Most painfully, I have spoken cruelly, looking to gain power and leverage over conversations rather than understanding and being. In my classes at Fullerton, my attachment to the image of intelligence and my own intellectual insecurities left me isolating those I thought were intelligent, believing everything to be competitive. I would often ask questions not to seek my own enlightenment, but rather to stump the instructor or prove to others something I was unable to prove to myself: that I was smart enough. Even later in my life, I would permit myself anger, aggression, or cruelty for the sake of the outcome, often allowing myself to taunt or berate people only if it left me feeling in control or attached to an image of superiority. This failing, more than any other, continues to haunt me as I dive deeper into my practice, especially when I am not consciously practicing. It is clear I have so much growth left.
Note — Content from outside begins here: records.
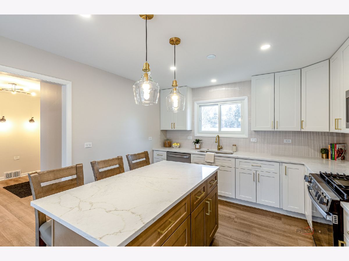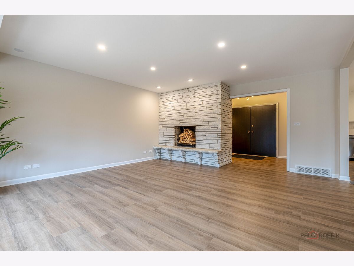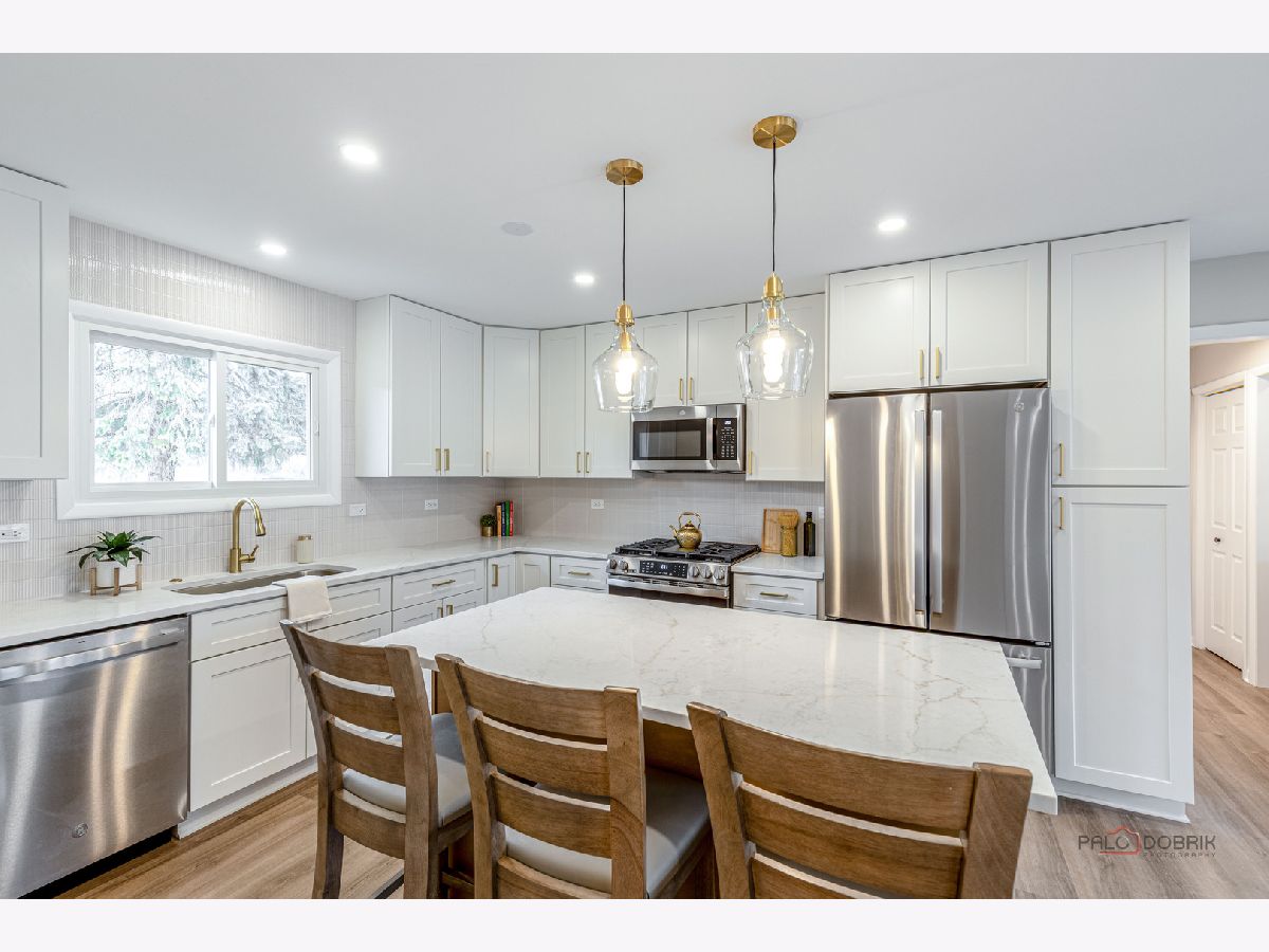 COMPLETELY REMODELED, TURN-KEY RANCH ON A PRIVATE 1.28-ACRE CUL-DE-SAC IN TOP-RATED SCHOOL DISTRICTS! This beautifully reimagined home blends today's most sought-after finishes with a functional layout - all just minutes from Independence Grove, the Metra, I-94, shopping, and dining, and located in the highly acclaimed Oak Grove Elementary and Libertyville High School districts. From the moment you arrive, the fresh limewashed brick exterior creates a crisp, modern first impression, complemented by a NEW roof, NEW windows, NEW A/C, and an inviting NEW screened-in porch (all 3 months new). Inside, brand-new luxury vinyl plank flooring flows seamlessly throughout the home, complemented by fresh paint in today's trending color palette, while new fixtures and thoughtful upgrades enhance every space. Front and center, the sun-drenched living room showcases a large bayed window and a dramatic floor-to-ceiling stone fireplace with raised hearth offering the perfect focal point for everyday living and entertaining. The completely remodeled designer kitchen (2026) is a standout feature, offering gorgeous quartz countertops, a center island with breakfast bar seating, stainless steel KitchenAid appliance package, and ample space for a dining table. A sliding door leads to the screened-in porch, creating seamless indoor-outdoor living where you can enjoy meals while taking in sweeping views of your expansive backyard all while being comfortably sheltered from the elements. When it's time to unwind, the primary suite offers a cozy desk nook, barn door entry to a large walk-in closet with custom shelving, and a beautifully updated private bath featuring a dual-sink vanity and tiled shower. Two additional bedrooms, two additional fully remodeled baths, and a convenient laundry area with new washer and dryer complete the main level. The finished basement offers incredible bonus living space, featuring white brick walls, modern ceiling, luxury vinyl floors, a spacious rec room with a wood-burning fireplace, wet bar, half bath, and flexible areas ready for your home gym, office, or hangout space. Additional highlights include an attached 2-car garage, an extra-long paver driveway with side apron providing abundant parking, and brand new electrical panel. Move-in ready, extensively updated, and ideally located; this is the one that checks every box.
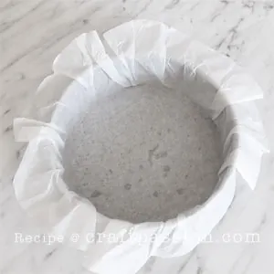 - Line the 8″ springform cake pan with parchment paper, ensure that the paper extends about 2 inches above the rim of the pan (the cake will rise above the rim in the oven).
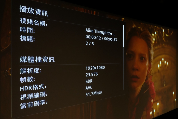 這日安排了透過 OPPO UDP-203 ,以 2K 轉 4K 給大家欣賞,2K訊源找來 Alice Through the Looking Glass ( 愛麗絲夢遊仙境2:穿越魔鏡 ) 。左圖可見訊源是 1920X1080 ,右圖可見經 OPPO UDP-203 提升為 3840X2160 ( 4K ) 解像度,以 Barco Loki 4K 鐳射投影機重見超高質素畫面。
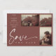 Brown Chic Trendy Collage Wedding Covid19 3 Photos Save the Date.
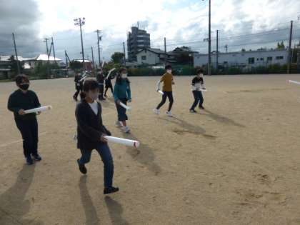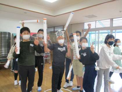 社会科の学習で「天下統一ゲーム」を行いました。5つの軍に分かれ、大将を決めます。大将の腰についている紙風船を最後まで守ることができた軍が、天下統一です。
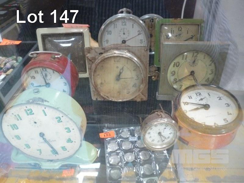 COLLECTION ASSORTED BEDSIDE ALARM CLOCKS, SMITHS, BEATALL, WESTCLOX, ETC
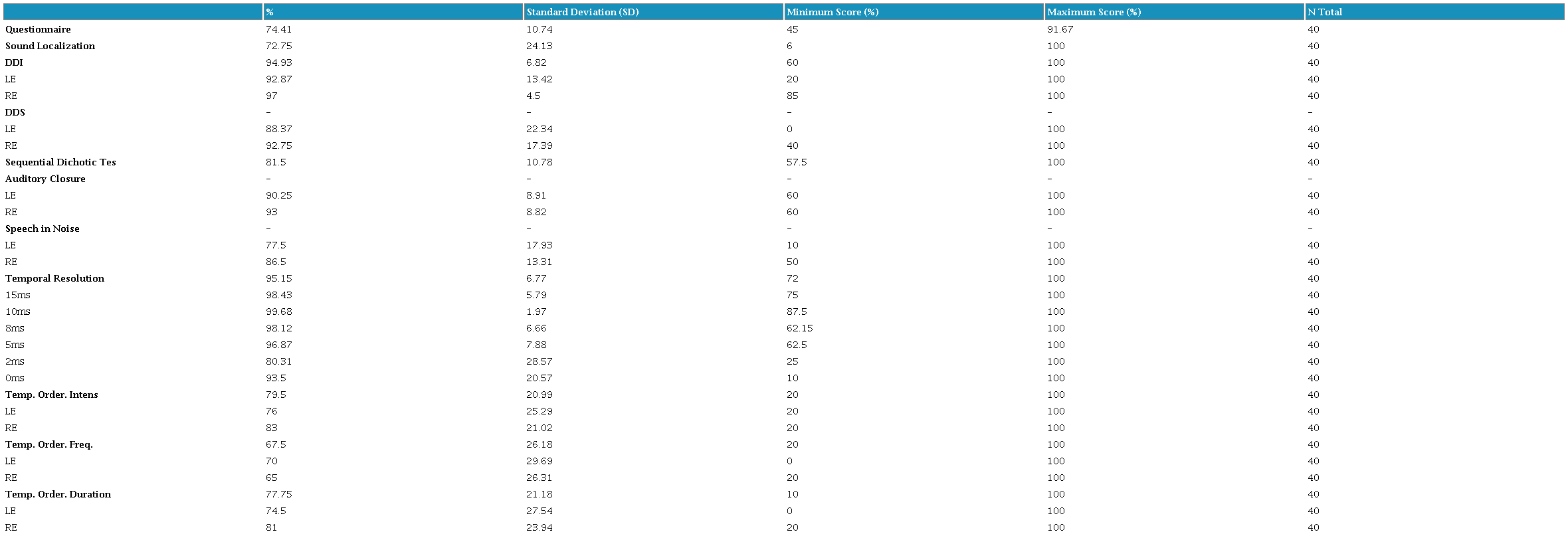 Resultados: La prueba con la mayor frecuencia de anomalías fue LS y ordenamiento temporal frecuencia (OTF), ambas con un 22.5%. En promedio, estas pruebas se consideraron como "precaución" (LS = 72.75%; OTF = 67.5%). El cuestionario de autoevaluación tuvo la mayor frecuencia de resultados de "precaución" (52.5%), seguido por PDE (35%) y OTF (32.5%). En promedio, el cuestionario de autoevaluación y OTF mostraron valores de precaución (74.41% y 67.5%, respectivamente). PDE tuvo valores promedio normales (81.5%). Ninguna prueba tuvo valores promedio anormales.
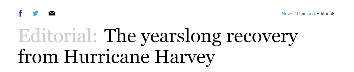 Houston and the surrounding areas most impacted by this storm is Ground Zero, 2017. How long will it take for them to transfer their focus from rebuilding war torn regions, half way around the world due to America’s complicity, to rebuilding the lives of those folks impacted by Harvey. If history is any measure of the response then maybe bringing Katrina victims back to show them how it should be done would be a better idea.
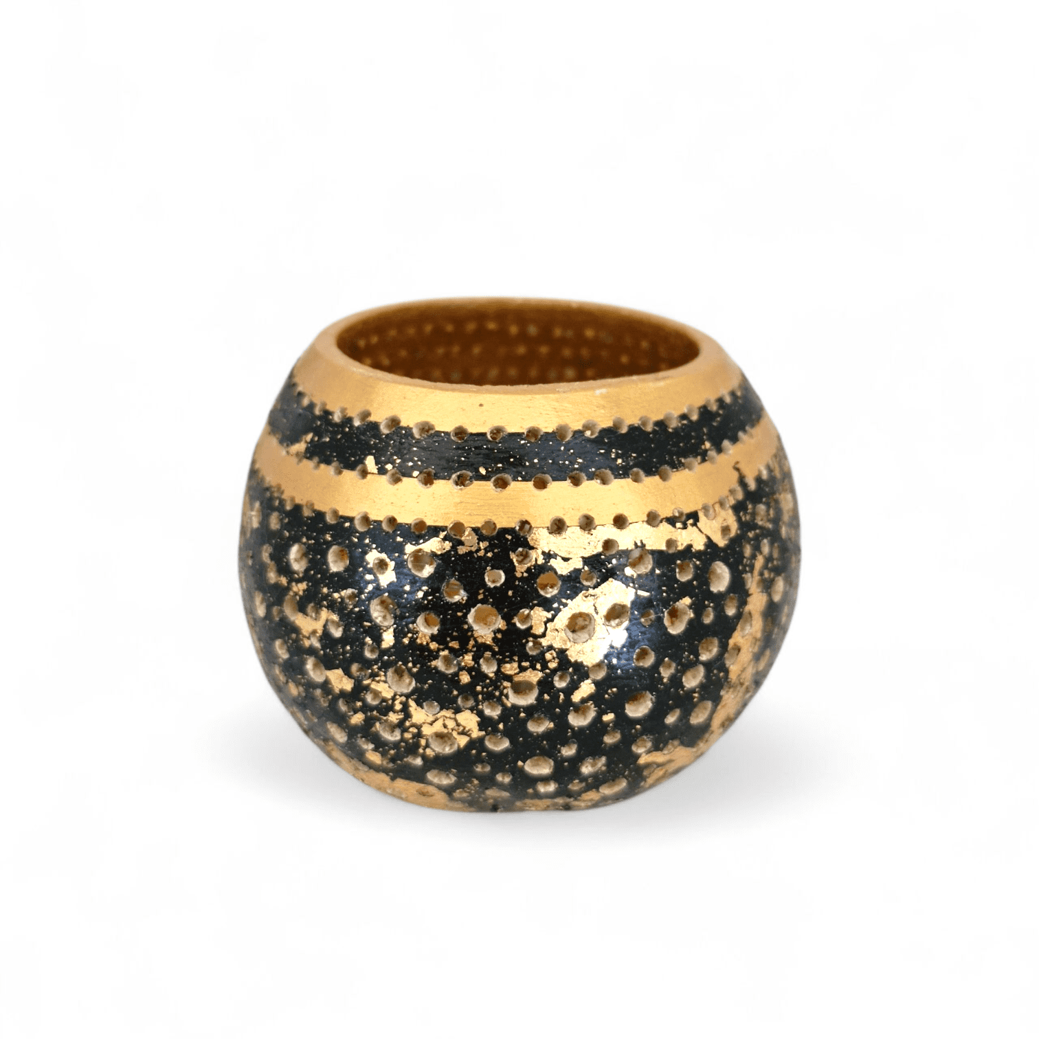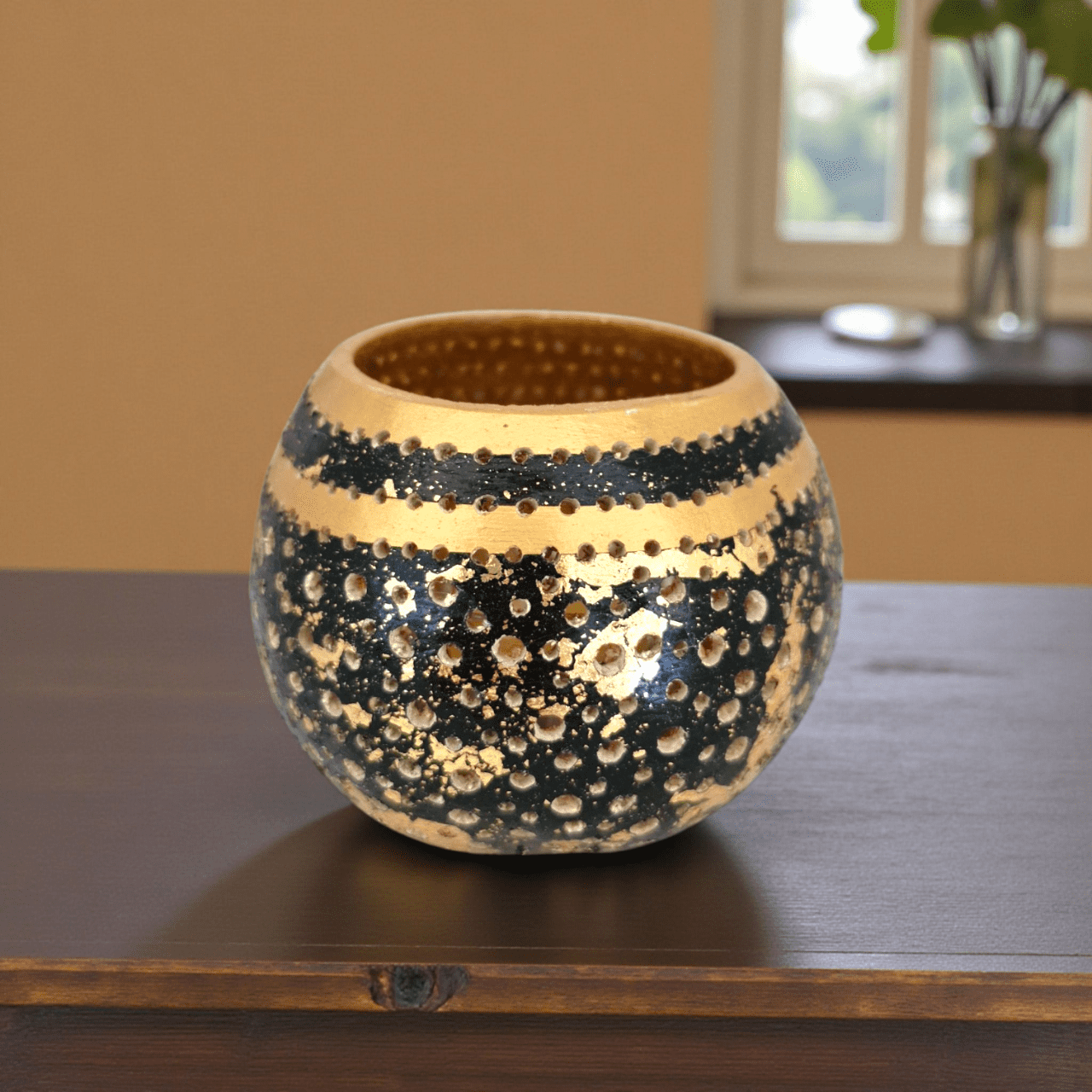 Photophore confectionné à la main à partir d'une gourde-calebasse naturelle vidée, nettoyée, peinte et vernie.

But such is the way, and such is the path. I would be discounting the significance of all of the experiences in my life so far that have, ultimately, lead to much comfort and fortune. Reflecting back, I have had so much good luck and fortune despite my attachments and failings, and all of these things have also allowed me to return to my Buddhist practice with so much more vehemence than before. Moreover, I am more intellectually capable, diligent, brave, and dedicated than I ever was, meaning that while my efforts may have been driven by attachments in the past, I am able to more skillfully steer them toward the dharma now. In other words, despite my failings, I feel I need redirection rather than complete reconstruction.
This is my intention with this section of my website, Kinch's Gate. The same cruelty and selfishness I see in Stephen (from Ulysses) is much the same I see in myself. His brilliant is one that I admire, but I use it as a reminder that even if I were to achieve intellectual Kinchlightenment, so to speak, it would not attain me greater virtues of kindness, compassion, understanding, and happiness.
In other words, this section of my website is an extension of a practice that began some 16 years ago. While I have recently begun to meditate daily, read sutras, explore my relationship to a sangha, and more, I want to assert clearly: I have been with the dharma always. The same elements from literature that have sparked my curiosity and driven my life in positive ways have been the same overlaps found in the dharma. The same people that have inspired me are Bodhisattvas in their own right, though they may not be recognized as Bodhisattvas by name. And the groups and people I seek to be with will be my sangha, regardless of their religious creed, as we all strive for a perfection of being that will embody growth in kindness, compassion, and unity.